The combination of granulocyte colony-stimulating factor (G-CSF) and a long-acting form of erythropoietin increases survival of patients with decompensated cirrhosis, researchers report in the June issue of Gastroenterology. The growth factor combination also improved liver function and reduced risk for septic shock within 1 y of treatment.

Decompensation in patients with end-stage liver disease is characterized by the presence of ascites, variceal bleeding, encephalopathy, and/or jaundice. The only established treatment is liver transplantation.

G-CSF is a cytokine that can mobilize hematopoietic stem cells, increase production of hepatocyte growth factor, and induce hepatic progenitor cells to proliferate. It has been shown to increase survival of patients with acute-on-chronic liver failure.

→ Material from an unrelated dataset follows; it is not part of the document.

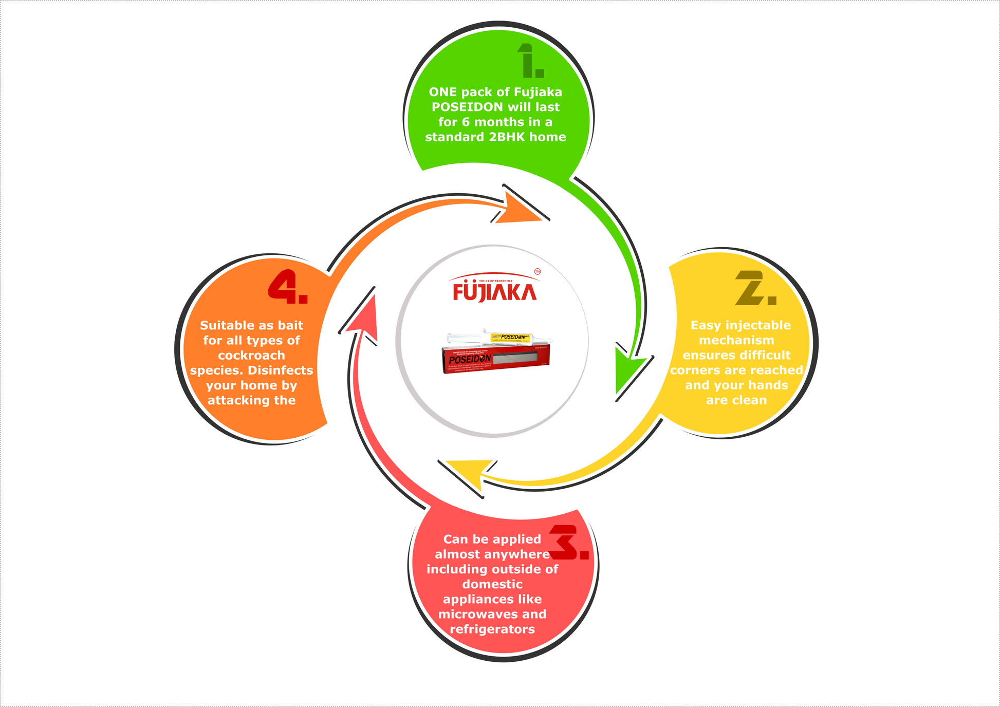 - Made in Korea. If earlier pest-control has failed for you, try our latest molecule product Fujiaka POSEIDON Anti Roach Gel

Erythropoietin regulates red blood cell production by promoting erythroid differentiation and initiating hemoglobin synthesis. It was reported to stimulate hepatic regeneration and increase liver function in animals.

Chandan Kumar Kedarisetty et al therefore investigated whether these growth factors could induce liver regeneration and help patients with decompensated cirrhosis.

In a double-blind study, 55 patients were randomly assigned to groups given subcutaneous G-CSF (5 µg/kg/day for 5 days and then every third day, for a total of 12 doses) plus subcutaneous darbepoetin α (a long-acting erythropoietin; 40 µg/week for 4 weeks) or placebo. Both groups received standard medical care and were followed for 12 months.

A significantly higher proportion of patients in the growth factor group survived for the following 12 months (68.6%) than in the placebo group (26.9%, see figure).

Kaplan-Meier curve showing the overall survival at 12 months in the growth factor and control groups.
Kaplan-Meier curve showing the overall survival at 12 months in the growth factor and control groups.

The growth factor group also had significant improvements in liver function, based on Child-Pugh and model for end-stage liver disease scores.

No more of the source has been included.